The Shtil 1 rocket blasted out of its launch tube at 1850 GMT (2:50 p.m. EDT). The three-stage liquid-fueled booster later released its payload as planned into the targeted orbit with a high point of about 300 miles, a low point of approximately 250 miles, and an inclination of around 79 degrees.

The launch originated from the Russian Navy's nuclear-powered Ekaterinburg submarine submerged in the Barents Sea inside the Arctic Circle offshore Russia's northern coast.

Ground controllers detected the first signals from the craft approximately seven hours later when it passed over a Russian ground station. The Complex Orbital Magneto-Plasma Autonomous Small Satellite 2 (COMPASS 2) was determined to be in good health, officials said. Known as Kompas 2 in the Russian language, the 180-pound microsatellite will soon begin its mission to study earthquakes and other natural disasters.

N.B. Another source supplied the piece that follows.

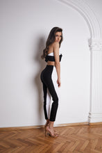• Design modern și feminin: Bustiera neagră, cu tăietură asimetrică, pune în evidență silueta, în timp ce linia pantalonului alb adaugă un contrast elegant.
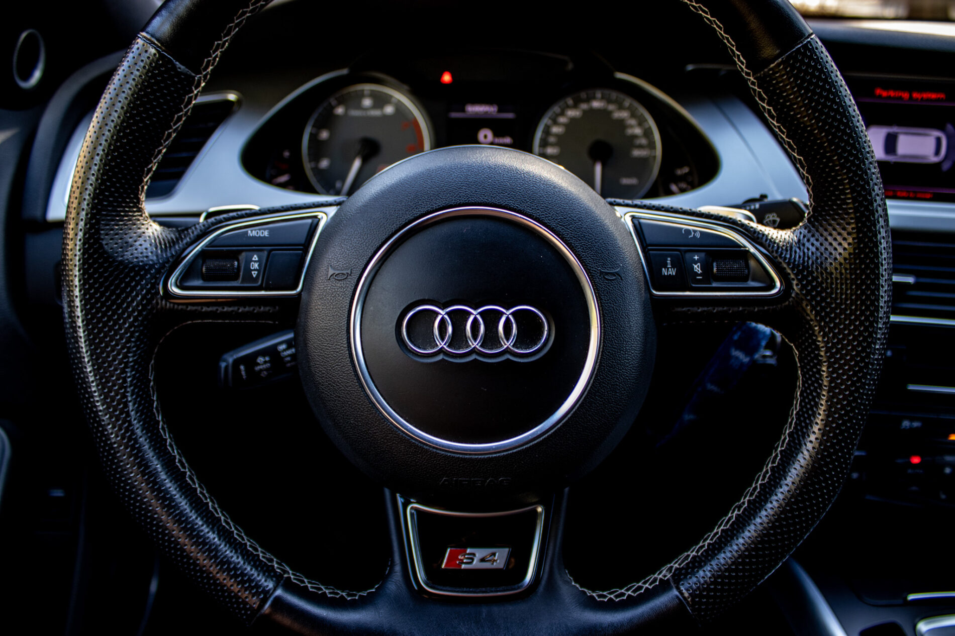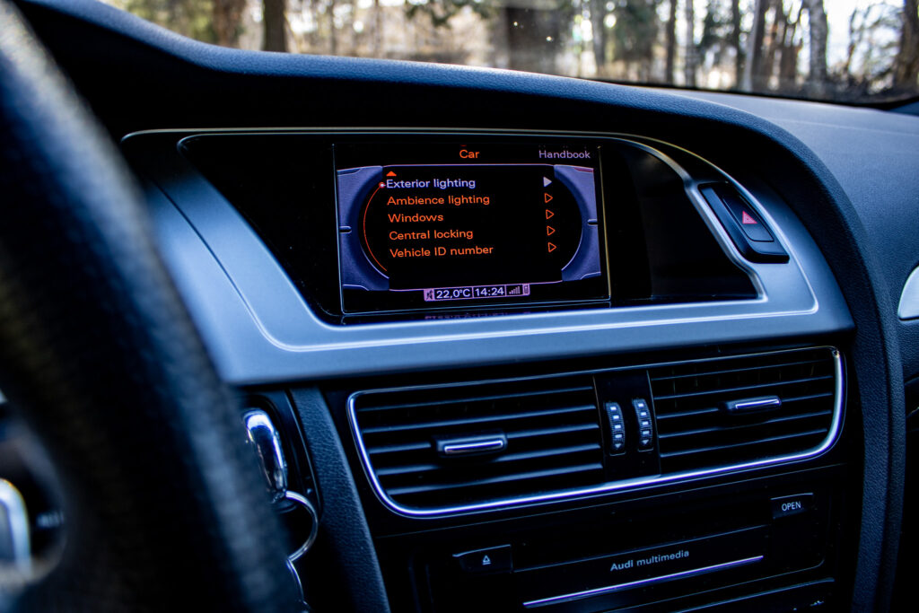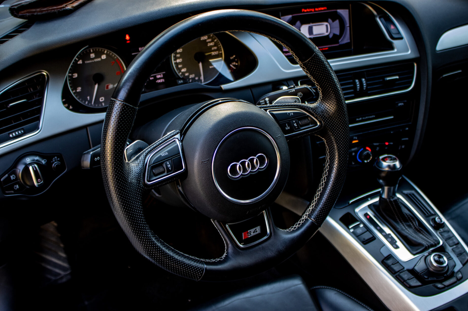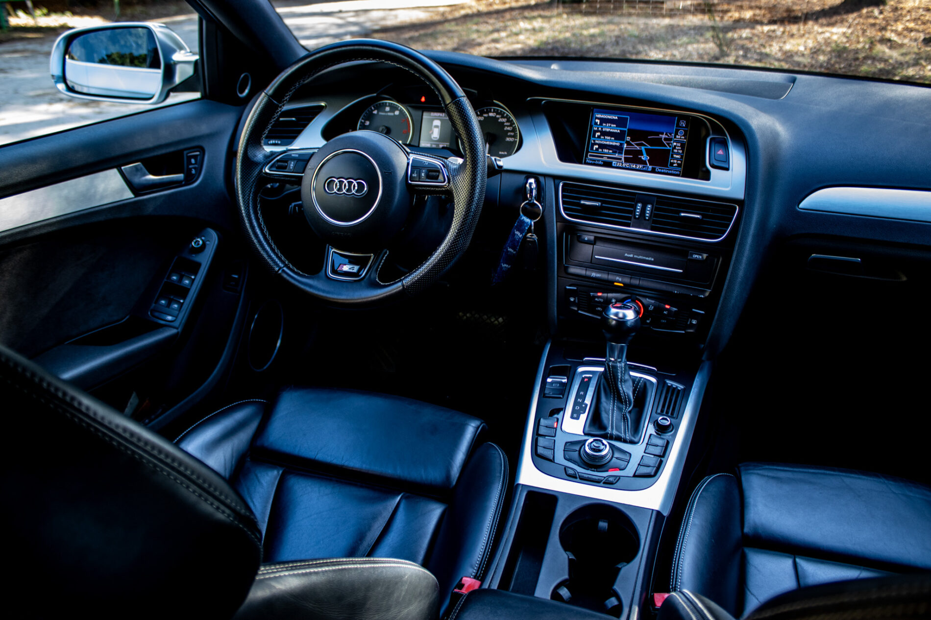 Interiér ponúka kvalitné kožené sedadlá, multifunkčný športový volant S4, navigačný systém Audi MMI a automatickú klimatizáciu.

The mission is managed by the Institute of Terrestrial Magnetism, Ionosphere, and Radio Waves Propagation, or IZMIRAN, which is part of the Russian Academy of Sciences.

The satellite carries five scientific instruments - totaling almost 45 pounds - to detect seismic activity and to help determine the tell-tale signs of impending earthquakes and other natural phenomena. Provided by scientists from Russia, Poland, Sweden, Hungary, and Ukraine, the instruments will probe the Earth's underground lithosphere, atmosphere, ionosphere, and magnetosphere to learn how each terrestrial region is connected with a variety of events such as earthquakes, volcanoes, tropical cyclones, and tornadoes.

Data from these studies will contribute to the efforts of scientists to establish a model for the cause-and-effect links associated with natural disasters found in all regions of the Earth. Scientists also hope to find precursors of earthquakes that will help in possible predictions of earthquakes based on information gathered from satellites in space.

Links between the upper atmosphere and seismic activity were first noticed in the 1960s, but hard scientific data was not available until 1979. The Interkosmos 19 satellite detected an unusual low-frequency noise in a large area centered near the epicenter of an earthquake that occurred a few hours later. This finding was later confirmed by other spacecraft.

IZMIRAN launched the first COMPASS satellite in late 2001 with a specialized payload to further study these connections. The experiment quickly failed, however, when the instrument payload stopped working. A third COMPASS satellite could launch before the end of 2006.

The launch was postponed two days from Wednesday to undisclosed reasons. The flight was the 19th space launch to successfully reach orbit in 2006, and the sixth launch from Russia this year.